KEY POINTS
- Eni has confirmed a 2 trillion cubic feet gas discovery at the Denise W-1 well in Egypt’s Temsah Concession.
- Egypt’s monthly gas import bill has surged from $560 million to $1.65 billion due to Middle East supply disruptions.
- The well sits less than 10 kilometers from existing infrastructure, enabling fast-track development.
Italy’s Eni announced a significant natural gas and condensate discovery offshore Egypt on Tuesday. The timing could not have been better for a country whose energy bills have nearly tripled in a matter of months.
The discovery was made at the Denise W-1 exploration well in the Temsah Concession, located in the Eastern Mediterranean. Preliminary estimates put the find at roughly 2 trillion cubic feet of gas in place, alongside 130 million barrels of associated condensates.
Egypt’s petroleum ministry called the discovery significant. Officials said it forms part of a wider push to boost domestic production, offset declining output from aging fields and cut the country’s growing import bill.
A find in the right place at the right time
The well sits 70 kilometers offshore in 95 meters of water, but the detail that matters most for development timelines is its location: less than 10 kilometers from existing infrastructure. That proximity gives the field fast-track development potential. The reservoir is a gas-bearing sandstone of similar quality to the nearby Temsah field, which has produced continuously since 2001.

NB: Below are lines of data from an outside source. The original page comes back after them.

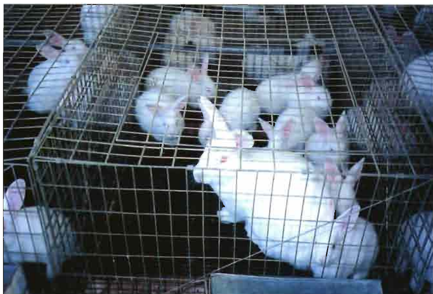
Hembra NZB con su camada

Economía, Fisiología, Planificación y Curtido de pieles.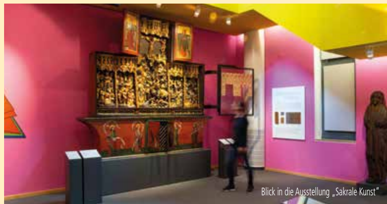
Blick in die Ausstellung „Sakrale Kunst“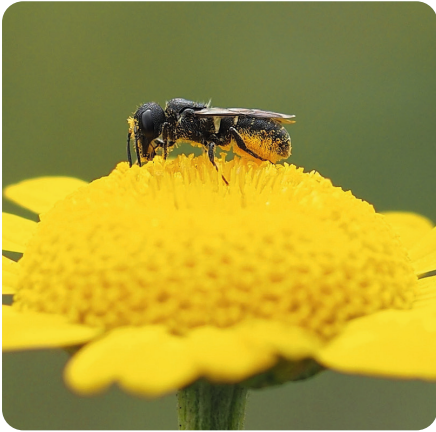
Gewöhnliche Löcherbiene Heriades truncorum

Beispiele von Wildbienen, die gerne in das neue Zuhause einziehen werden.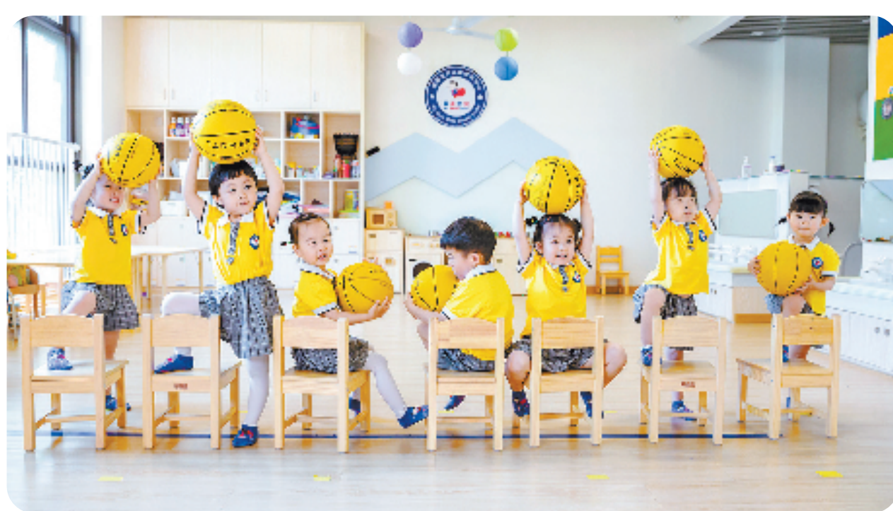
西湖区三墩镇爱心托育园

了“需求端”和“供应端”的不平衡，不断为服务“打补丁”。一方面，将婴幼儿照护服务设施纳入城市规划基本配套，通过算力算法精准匹配需求；另一方面建立符合杭州实际、不同办托主体适用的普惠认定机制和精细化财政补偿机制，保障婴幼儿照护服务机构可健康运营。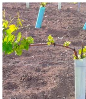
//Brotación irregular en los brazos de // espaldera con vigor.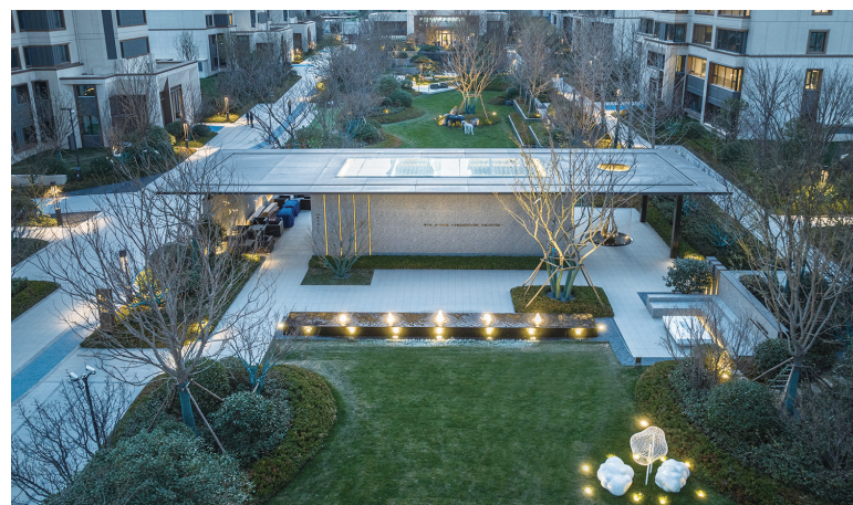
▲大云谷·金茂府已交付地块实景图

Eni operates the Denise development lease with a 50 percent contractor working interest. BP holds the remaining 50 percent. The asset runs through Petrobel, the joint venture between Eni and the Egyptian General Petroleum Corporation. The Denise W-1 drilling follows a 20-year renewal of the Temsah Concession signed with EGPC and EGAS in July 2025.
Egypt’s energy crisis deepens
The discovery lands as Egypt grapples with one of its most severe energy crunches in years. Supply disruptions linked to the ongoing Middle East conflict have cut gas flows from Qatar and Israel. Cairo has responded with emergency measures including a business curfew, fuel price increases and delays to government projects.
Prime Minister Mostafa Madbouly said last month that Egypt’s monthly gas import bill surged from $560 million to $1.65 billion as a direct result of the regional crisis.
The Denise find is not a fix to all of that. The petroleum ministry confirmed the well is still being prepared for testing. Further drilling and an offshore production platform must come before the field goes online. But it offers a credible path toward more domestic supply at a moment when Egypt needs every option it can find.
Eni has operated in Egypt since 1954. Its equity production in the country stood at 242,000 barrels of oil equivalent per day in 2025.